* _THE DATA_:
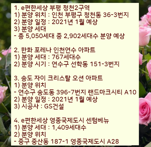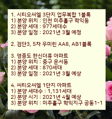 이렇게 2021 인천 아파트 분양일정과 계획을 총저리하였습니다.
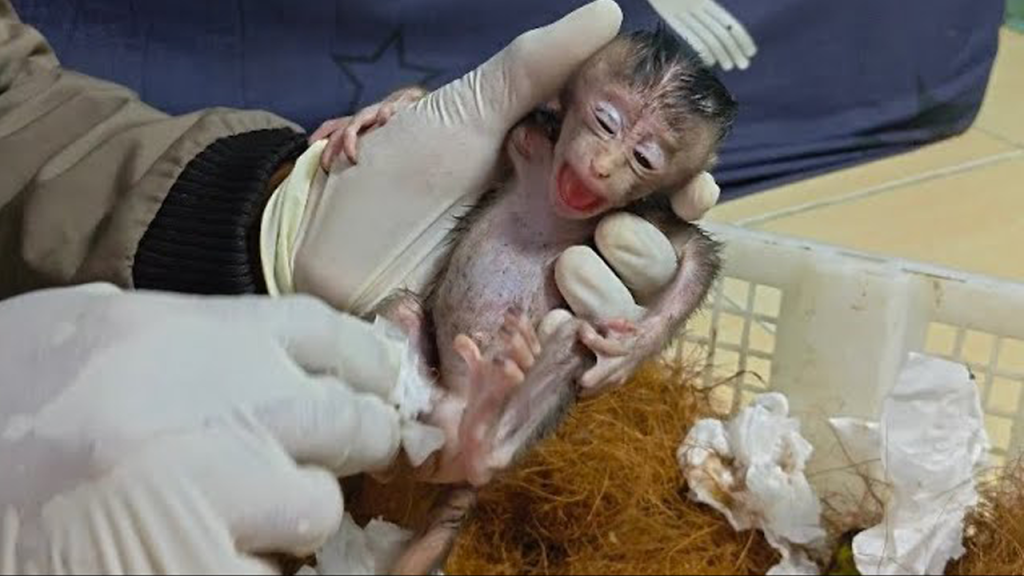 Newborn baby monkey Rith was still so fragile that his body could barely hold itself up. His fur was thin and soft, his eyes still…
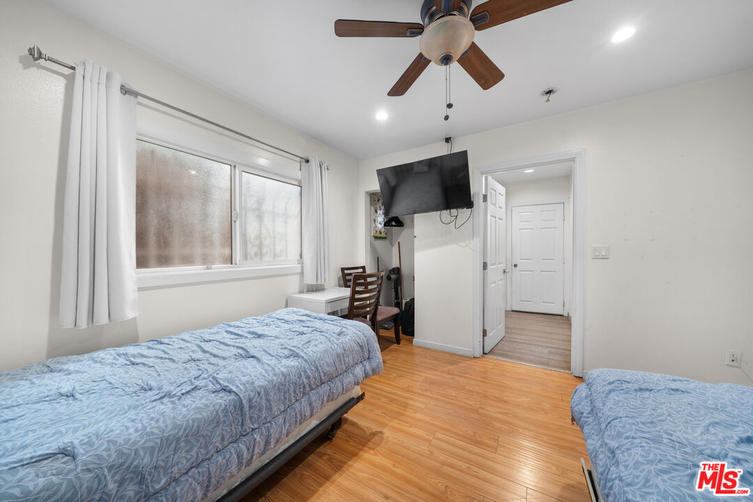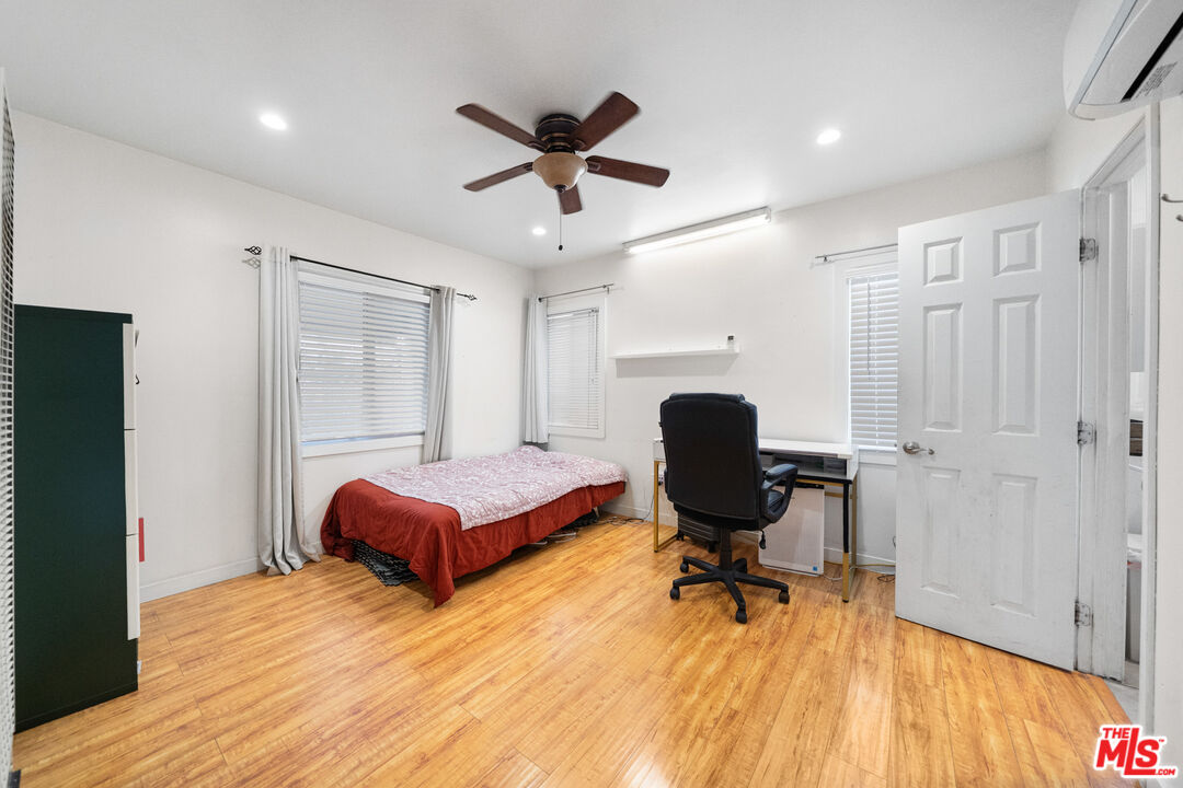 LOCATION! LOCATION! Spacious and updated 3BR/2BA, 1260SF home in a prime Los Angeles location, near USC, shopping, restaurants, and big markets with easy access to 101, 10, 5, and 110 FWY. Features include an open floor plan with hardwood floors, recessed lighting, and a cozy fireplace. The remodeled kitchen offers granite counters, stainless steel appliances, custom cabinetry, and breakfast bar. Primary suite includes walk-in closet, dual sinks, soaking tub. Additional highlights: front deck, private backyard with trees, washer/dryer, wall A/C units in all rooms, tankless water heater, dual pane windows, ceiling fans, reinforced foundation, copper plumbing, upgraded 100 AMP electrical, and CCTV security system. A separate rear entrance provides flexible use for a guest suite or rental opportunity. No parking on site. Move-in ready! Ideal for owner occupancy, rental income, or Airbnb investment!

* _WHAT IS REQUIRED_: The answer should contain nothing but the lines from the top of the data above through the line containing "Newborn baby monkey", copied exactly, with no images.

* _EXPECTED ANSWER_:
 이렇게 2021 인천 아파트 분양일정과 계획을 총저리하였습니다.
 Newborn baby monkey Rith was still so fragile that his body could barely hold itself up. His fur was thin and soft, his eyes still…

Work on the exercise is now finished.